Reunification is the policy priority for children in out-of-home care across all states and territories and aims to return a child home safely after time in care and enable that child to stay at home. This occurs when it is in the child’s best interest and where it will promote long-term stability and permanency (AIHW 2016).
In 2020–21, there were about 27,300 children in out-of-home care, excluding those on long-term guardianship or custody orders. Of these children, nearly 5,400 (20%) were reunified during this time (Supplementary table S6.1).
About 1,700 Indigenous children (16%) were reunified in 2020–21. Indigenous children in the Australian Capital Territory and Victoria had the highest proportion of reunification (33% and 32% respectively).

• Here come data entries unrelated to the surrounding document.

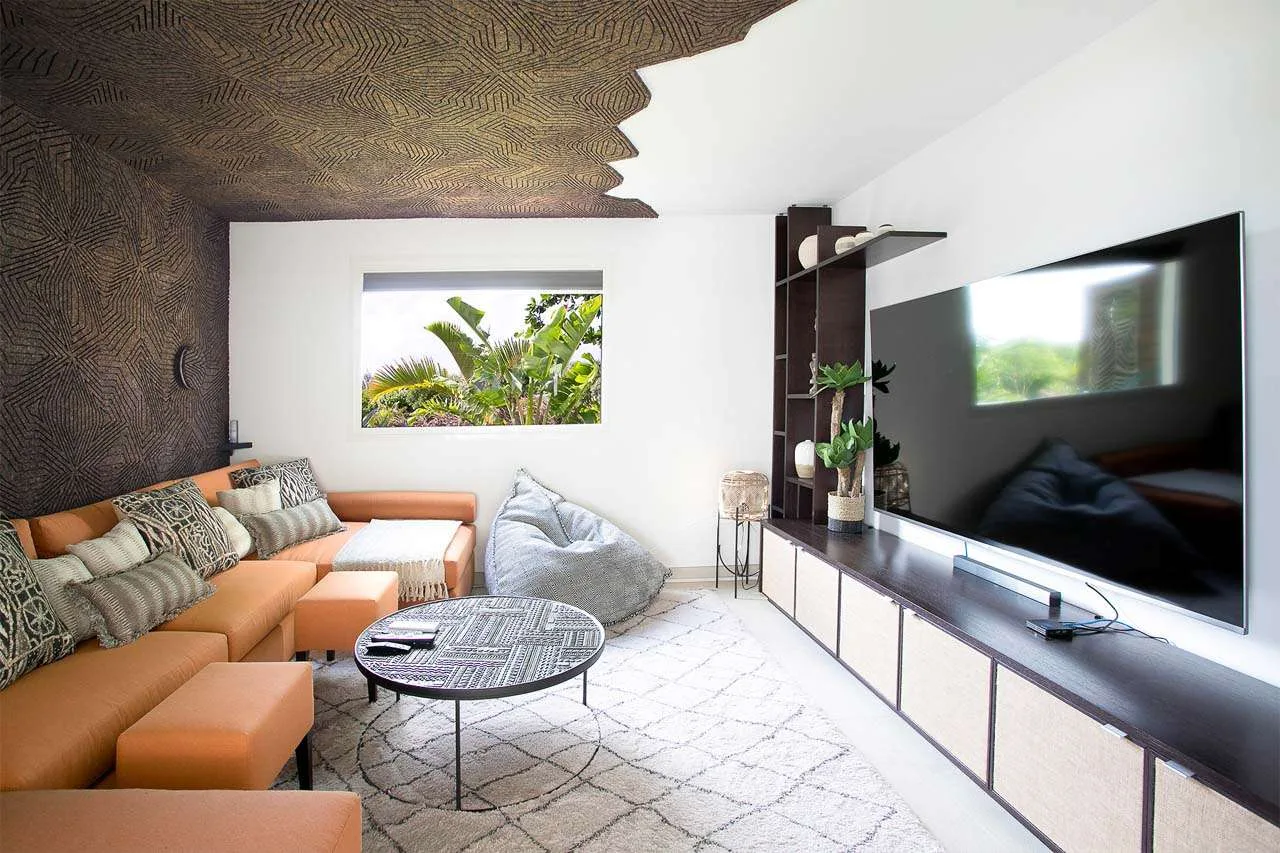 A contemporary African-themed decor pervades the beautiful interior and exterior spaces with furnishings by Manutti and Roche Bobois along with natural wood accents, touches of burnt orange and primitive art and textiles. Flanking the entrance the indoor areas include a stylish living and dining room and a TV viewing corner.
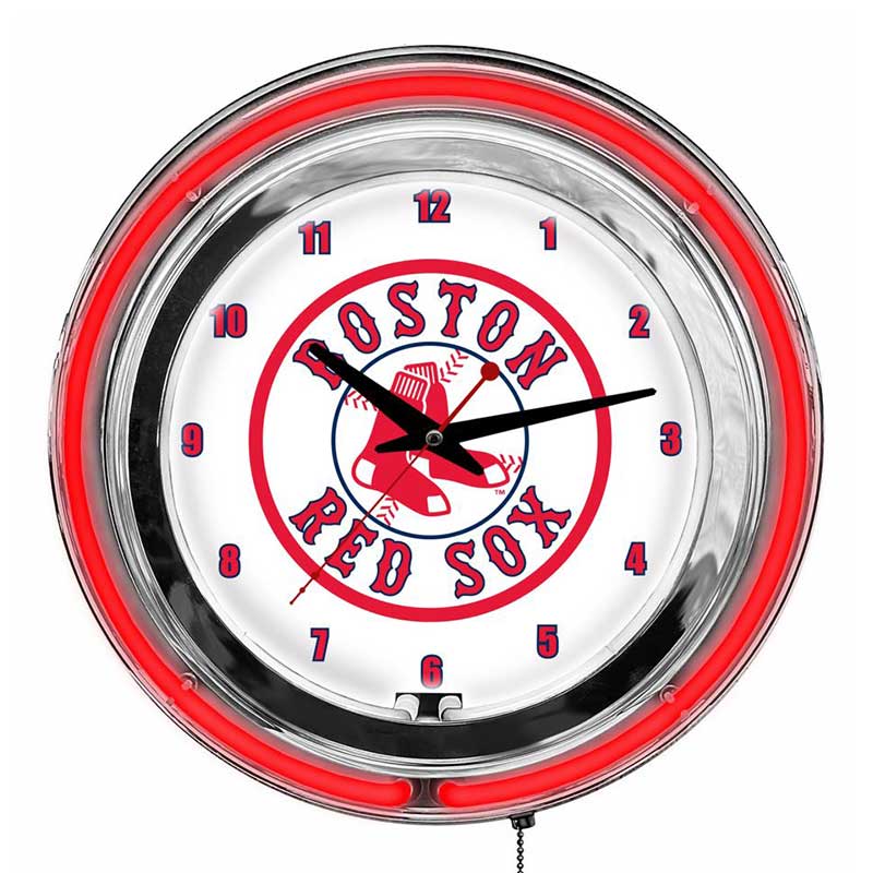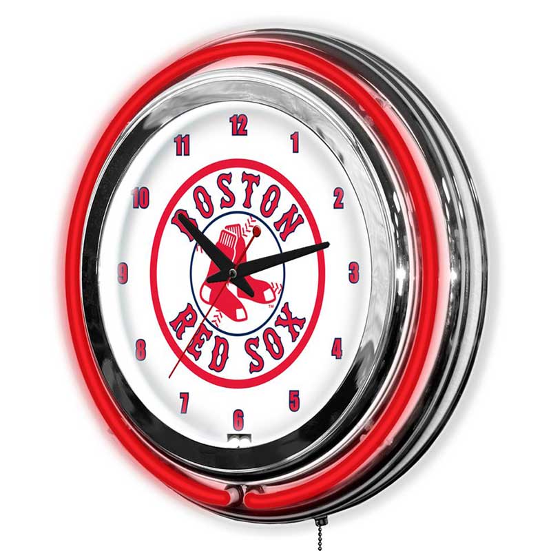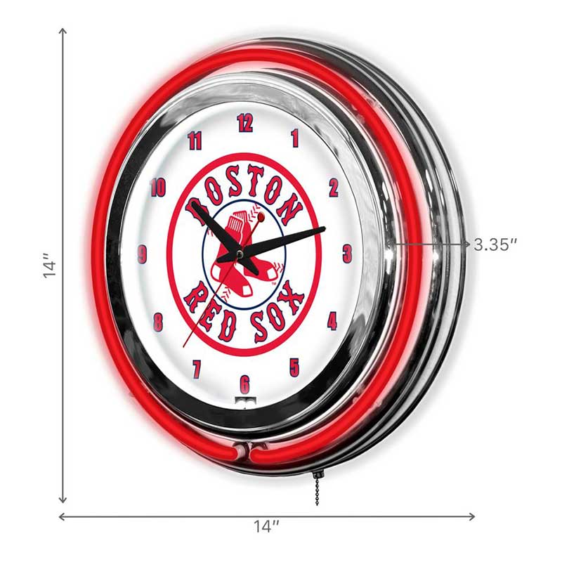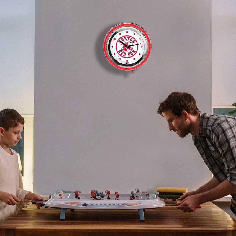 - Neon Lighting: Features bright red and navy blue neon lights surrounding the clock face, illuminating the Red Sox logo for added visual impact.
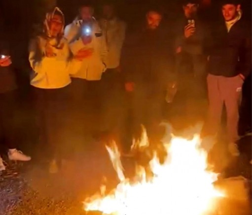 Gelinliğe benzin döküp, ateşe veren anne Hatice Kurt gelinlik yanarken, alkışlarla ve ağıtlar yakılışını izledi.

About 3,700 non-Indigenous children were reunified in the same period, with the highest proportion of children reunified in Victoria (34%). (Supplementary table S6.1 and Figure 6.2)
Note: Children on long-term guardianship orders were excluded from the denominator when calculating reunification rates (see Appendix B in Child protection Australia 2018–19 for technical specifications).
Source: Supplementary data table S6.1, AIHW Child Protection Collection 2020–21.
State and territory legislation emphasises the importance of permanency planning through stability of care, which is often achieved through third-party parental responsibility orders. The timing of permanency-related action is determined by the individual circumstances of the child. However, permanency planning is typically initiated as a child enters care. For many children, longer-term care arrangements such as third-party parental responsibility orders are pursued only when safe reunification is not possible, or when alternative care has been deemed the most suitable way to achieve stability for the child.
In 2020–21, nearly 1,300 children (2.3% of the 56,900 children in out-of-home care during the reporting period) exited out-of-home care to a third-party parental care arrangement during 2020–21 (Supplementary table S6.2).
A higher proportion of non-Indigenous children exited out-of-home care to a third-party parental care arrangement compared to Indigenous children (2.9% and 1.6% respectively) (Supplementary table S6.2 and Figure 6.3).
Source: Supplementary data table S6.2, AIHW Child Protection Collection 2020–21.
In 2020–21, there were 94 known-carer adoptions from out-of-home care (unpublished data from AIHW Child Protection Collection).